The output should match the data below line for line.

====

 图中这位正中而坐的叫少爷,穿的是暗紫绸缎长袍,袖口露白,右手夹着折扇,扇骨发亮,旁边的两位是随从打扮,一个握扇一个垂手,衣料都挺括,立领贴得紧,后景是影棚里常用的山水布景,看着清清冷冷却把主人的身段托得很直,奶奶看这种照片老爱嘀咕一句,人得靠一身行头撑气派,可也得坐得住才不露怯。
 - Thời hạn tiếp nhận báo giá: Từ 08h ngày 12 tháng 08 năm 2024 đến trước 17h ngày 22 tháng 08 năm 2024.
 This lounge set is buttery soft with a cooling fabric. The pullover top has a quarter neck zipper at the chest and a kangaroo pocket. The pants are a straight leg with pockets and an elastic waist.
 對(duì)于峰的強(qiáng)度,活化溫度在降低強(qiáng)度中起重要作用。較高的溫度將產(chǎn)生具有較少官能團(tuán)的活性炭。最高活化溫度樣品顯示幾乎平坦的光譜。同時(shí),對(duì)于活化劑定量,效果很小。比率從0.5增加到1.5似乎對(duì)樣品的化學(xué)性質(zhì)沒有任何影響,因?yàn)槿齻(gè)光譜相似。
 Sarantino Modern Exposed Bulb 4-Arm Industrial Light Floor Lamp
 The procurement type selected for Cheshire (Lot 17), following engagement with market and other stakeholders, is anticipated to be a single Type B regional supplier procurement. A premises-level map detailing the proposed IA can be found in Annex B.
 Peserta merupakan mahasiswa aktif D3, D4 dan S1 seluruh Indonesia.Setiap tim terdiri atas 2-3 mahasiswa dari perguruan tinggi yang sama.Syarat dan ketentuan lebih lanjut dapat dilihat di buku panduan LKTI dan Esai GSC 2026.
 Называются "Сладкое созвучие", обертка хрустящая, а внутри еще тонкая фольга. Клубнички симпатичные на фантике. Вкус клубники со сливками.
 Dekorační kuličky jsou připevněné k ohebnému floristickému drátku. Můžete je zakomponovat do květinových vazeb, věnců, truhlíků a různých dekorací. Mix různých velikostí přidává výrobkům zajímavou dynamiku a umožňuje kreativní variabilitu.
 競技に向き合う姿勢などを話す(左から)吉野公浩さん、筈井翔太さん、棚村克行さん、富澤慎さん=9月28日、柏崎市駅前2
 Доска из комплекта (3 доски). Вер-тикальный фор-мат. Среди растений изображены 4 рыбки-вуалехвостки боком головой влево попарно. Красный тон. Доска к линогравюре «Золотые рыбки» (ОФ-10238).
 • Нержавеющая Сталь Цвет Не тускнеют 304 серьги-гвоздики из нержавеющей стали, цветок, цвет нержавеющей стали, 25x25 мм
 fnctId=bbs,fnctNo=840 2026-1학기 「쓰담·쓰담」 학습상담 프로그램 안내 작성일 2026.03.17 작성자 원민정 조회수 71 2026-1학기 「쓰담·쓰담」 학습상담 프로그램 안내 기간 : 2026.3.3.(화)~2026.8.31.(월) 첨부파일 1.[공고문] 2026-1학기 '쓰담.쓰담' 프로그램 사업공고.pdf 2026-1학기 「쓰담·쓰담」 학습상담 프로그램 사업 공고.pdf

====

Problem solution:
 图中这位正中而坐的叫少爷,穿的是暗紫绸缎长袍,袖口露白,右手夹着折扇,扇骨发亮,旁边的两位是随从打扮,一个握扇一个垂手,衣料都挺括,立领贴得紧,后景是影棚里常用的山水布景,看着清清冷冷却把主人的身段托得很直,奶奶看这种照片老爱嘀咕一句,人得靠一身行头撑气派,可也得坐得住才不露怯。
 - Thời hạn tiếp nhận báo giá: Từ 08h ngày 12 tháng 08 năm 2024 đến trước 17h ngày 22 tháng 08 năm 2024.
 This lounge set is buttery soft with a cooling fabric. The pullover top has a quarter neck zipper at the chest and a kangaroo pocket. The pants are a straight leg with pockets and an elastic waist.
 對(duì)于峰的強(qiáng)度,活化溫度在降低強(qiáng)度中起重要作用。較高的溫度將產(chǎn)生具有較少官能團(tuán)的活性炭。最高活化溫度樣品顯示幾乎平坦的光譜。同時(shí),對(duì)于活化劑定量,效果很小。比率從0.5增加到1.5似乎對(duì)樣品的化學(xué)性質(zhì)沒有任何影響,因?yàn)槿齻(gè)光譜相似。
 Sarantino Modern Exposed Bulb 4-Arm Industrial Light Floor Lamp
 The procurement type selected for Cheshire (Lot 17), following engagement with market and other stakeholders, is anticipated to be a single Type B regional supplier procurement. A premises-level map detailing the proposed IA can be found in Annex B.
 Peserta merupakan mahasiswa aktif D3, D4 dan S1 seluruh Indonesia.Setiap tim terdiri atas 2-3 mahasiswa dari perguruan tinggi yang sama.Syarat dan ketentuan lebih lanjut dapat dilihat di buku panduan LKTI dan Esai GSC 2026.
 Называются "Сладкое созвучие", обертка хрустящая, а внутри еще тонкая фольга. Клубнички симпатичные на фантике. Вкус клубники со сливками.
 Dekorační kuličky jsou připevněné k ohebnému floristickému drátku. Můžete je zakomponovat do květinových vazeb, věnců, truhlíků a různých dekorací. Mix různých velikostí přidává výrobkům zajímavou dynamiku a umožňuje kreativní variabilitu.
 競技に向き合う姿勢などを話す(左から)吉野公浩さん、筈井翔太さん、棚村克行さん、富澤慎さん=9月28日、柏崎市駅前2
 Доска из комплекта (3 доски). Вер-тикальный фор-мат. Среди растений изображены 4 рыбки-вуалехвостки боком головой влево попарно. Красный тон. Доска к линогравюре «Золотые рыбки» (ОФ-10238).
 • Нержавеющая Сталь Цвет Не тускнеют 304 серьги-гвоздики из нержавеющей стали, цветок, цвет нержавеющей стали, 25x25 мм
 fnctId=bbs,fnctNo=840 2026-1학기 「쓰담·쓰담」 학습상담 프로그램 안내 작성일 2026.03.17 작성자 원민정 조회수 71 2026-1학기 「쓰담·쓰담」 학습상담 프로그램 안내 기간 : 2026.3.3.(화)~2026.8.31.(월) 첨부파일 1.[공고문] 2026-1학기 '쓰담.쓰담' 프로그램 사업공고.pdf 2026-1학기 「쓰담·쓰담」 학습상담 프로그램 사업 공고.pdf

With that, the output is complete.